Even in the present study, under in vitro or ex vivo conditions, it is apparent that mitochondrial bioenergetics and calcium homeostasis operate in a very complex interaction. In vivo these interactions are no doubt even more complex and involved other cellular organelles including the endoplasmic reticulum (ER) and cytosolic compartments. Therefore, there are multiple regulatory components that can also influence calcium homeostasis and mitochondrial respiration (Gnaiger, 2001; Gellerich et al., 2012, 2013; Llorente-Folch et al., 2013). It is also important to note the findings of Gellerich and colleagues who have demonstrated eloquently the effects of low levels (<6 nmols Ca2+/mitochondrial protein) Ca2+ on respiration in isolated brain mitochondria which increases respiration (Gnaiger, 2001; Gellerich et al., 2012, 2013).
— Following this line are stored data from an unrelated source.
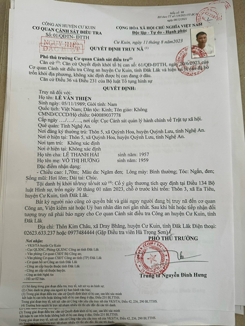 Vừa qua, Công an huyện Cư Kuin phối hợp cùng Phòng Cảnh sát hình sự Công an tỉnh Đắk Lắk đã truy bắt thành công đối tượng truy nã đặc biệt nguy hiểm Lê Văn Thiện, sinh ngày 05/11/1989, cư trú tại thôn 5, xã Quỳnh Hoa, huyện Quỳnh Lưu, Nghệ An (theo Quyết định truy nã số 01 ngày 11/8/2023 của Cơ quan Cảnh sát điều tra Công an huyện Cư Kuin).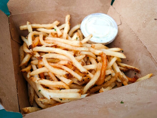 These classic French fries are crispy on the outside and fluffy on the inside. They are served with a garlic parsley aioli for a flavorful dipping sauce.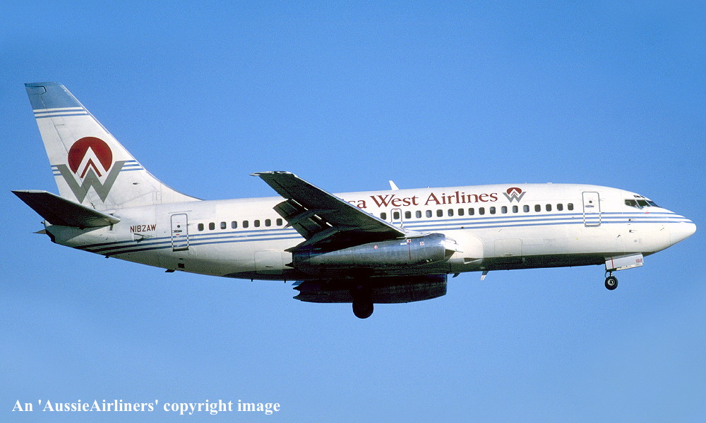 N182AW. America West Airlines - in the original livery at Tucson Airport, December 1988. (R. N. Smith Collection Copyright Image 4620-257.) |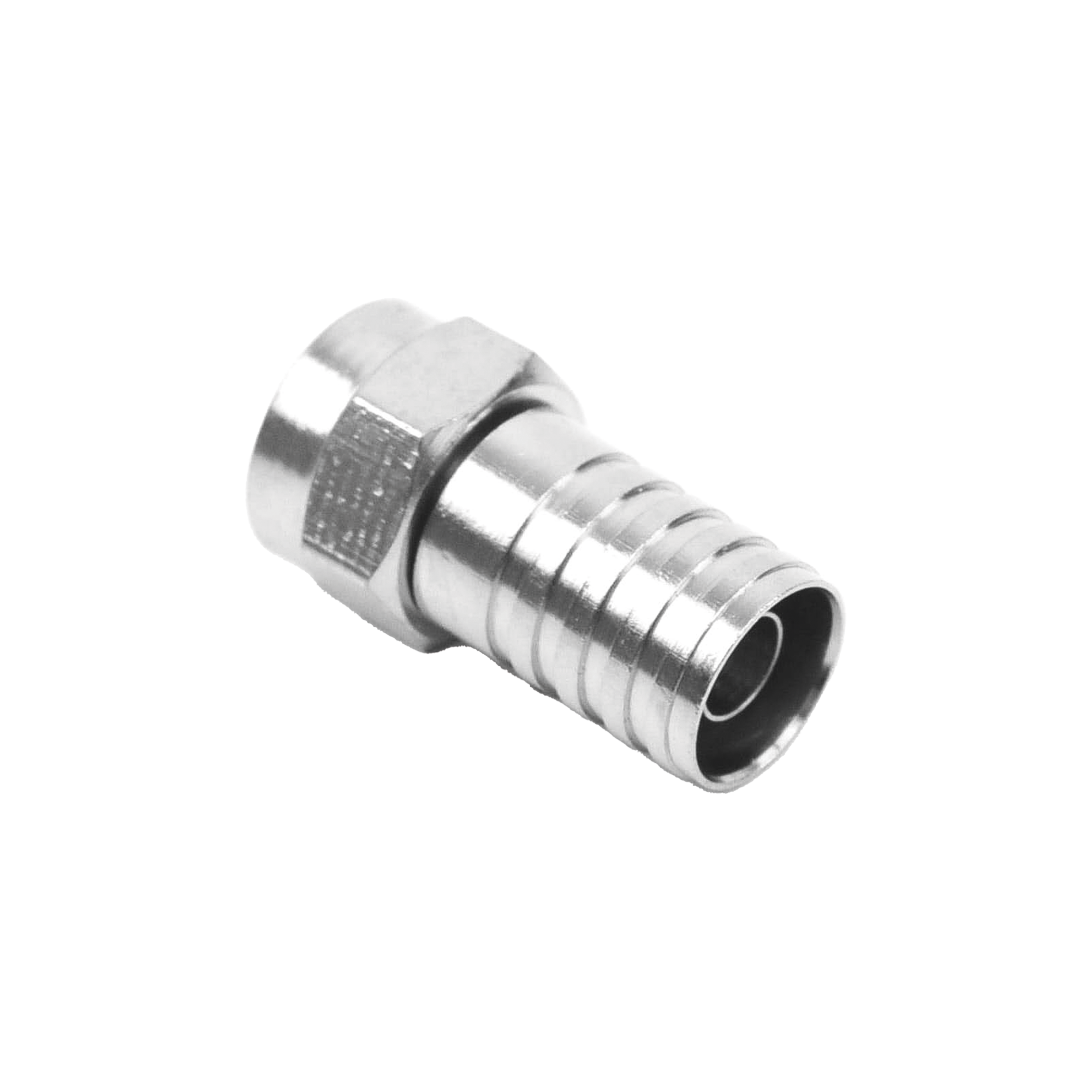Conector F Macho, Plegable de Doble Blindaje para cable RG-59, Cuerpo de Bronce Niquelado.

In the current study, we isolated ultrapurified cortical mitochondria (synaptic and nonsynaptic) using percoll discontinuous gradient centrifugation. This means that the mitochondria isolated for our study are from a heterogeneous sources of cell types, chiefly from neurons and glial cells. Additionally, mitochondria isolated from the brain are most often contaminated by synaptosomes, formed by the pinched off pre- and post-synaptic ends of neurons, that can alter and complicate the interpretation of results obtained from such mitochondrial preparations (Anderson and Sims, 2000; Brown et al., 2006). Therefore, we employed a method to release the synaptic mitochondria using nitrogen disruption which increases the total yield of mitochondria (Brown et al., 2004), while avoiding the adverse effects of digitonin (Brustovetsky et al., 2002). We checked the purity of these mitochondrial preparations by electron microscopy and found them to have mostly mitochondria with preserved structures including intact cristae that lodge the ETC necessary for oxidative phosphorylation (Figure 1). Moreover, mitochondrial marker proteins such as VDAC for outer and COX for inner mitochondrial membranes are enriched in the mitochondrial fraction with the sequential purification steps (Figure 2) while minimizing contamination. Furthermore, we used only fresh mitochondria for the studies described in this paper, as frozen mitochondria exhibit decreases in mitochondrial bioenergetics (Nukala et al., 2006).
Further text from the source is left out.